Due to the measurement principle of NIRS is based on the absorption of specific wavelengths of light by different functional groups and chemical bonds in a liquid matrix (Ren et al., 2020; Vieira et al., 2021), in order to further explore the features that make significant contributions to these classification models, and also further explore the functional groups that exhibit significant differences among various types of plasma, we analyzed the features in these classification models by conducting feature selection.

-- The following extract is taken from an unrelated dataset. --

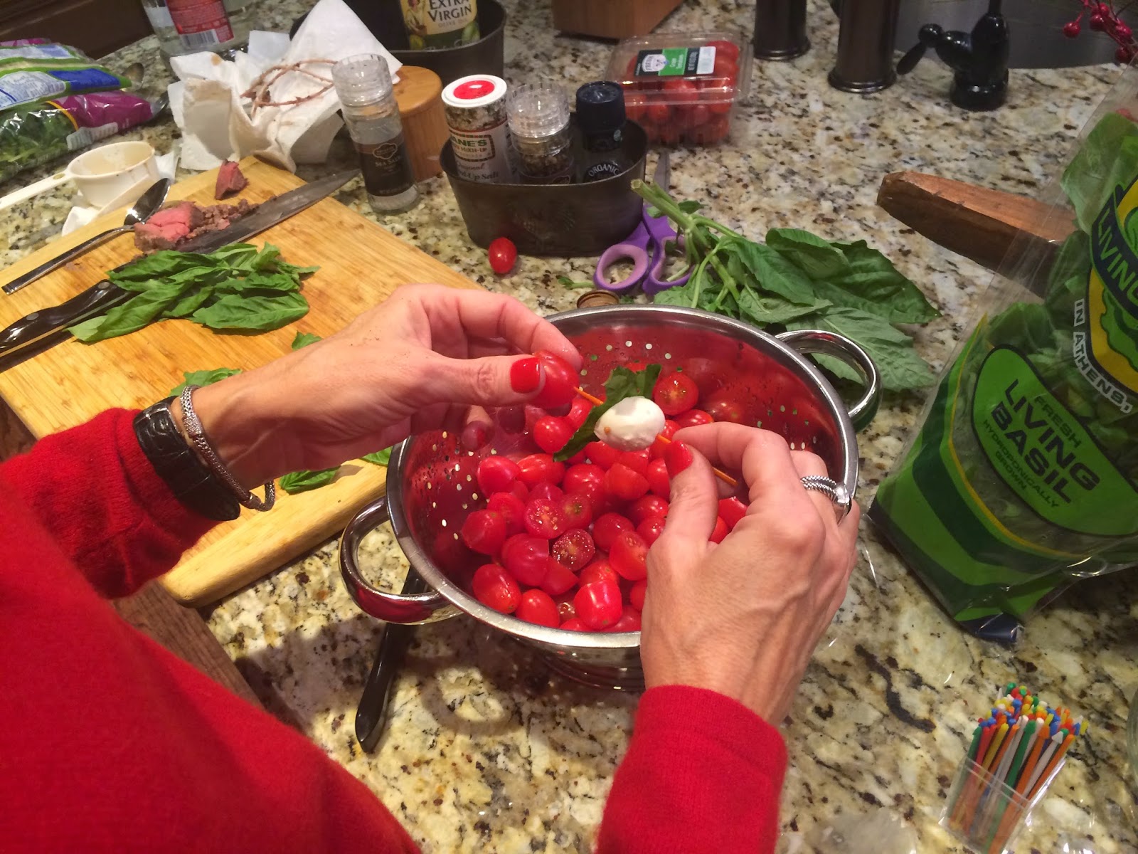 Cut tomatoes in half. Thread a mini mozzarella cheese ball, basil leaf and a tomato half onto a tooth pick. Repeat with remaining ingredients.

After selecting the most optimized ML model and pre-processing method combination for the data in our study, to differentiate which wavelengths in the NIRS data carry key and feature information about the different classes, there were two different feature selection approaches: Feature selection based on the variable importance in projection within the PLS model (PLS-VIP), and the support vector machine recursive feature elimination (SVM-RFE) algorithm based feature selection for the SVM model. The variable importance in projection (VIP) score is utilized to assess the significance of each variable employed in the PLS model (Wang, He & Wang, 2015). The SVM-RFE is a wrapper feature selection method which generates the ranking of features using backward feature elimination (Huang et al., 2014). The features are eliminated according to a criterion related to their support to the discrimination function, and the SVM is re-trained at each step.
Result
NIR spectral characteristics of plasma samples
A total of 99 plasma samples, consisting of HC, LC, and MM groups, were subjected to NIRS analysis at intervals of every four wavenumbers within the wavenumber range of 4,000 to 10,000 cm−1. Since each collected wavenumber represents a candidate variable for building the ML model, wavenumber features exceeding a threshold of 3 in any sample were excluded, we ultimately used 1,291 variables for constructing both the diagnostic model and the discriminant diagnostic model.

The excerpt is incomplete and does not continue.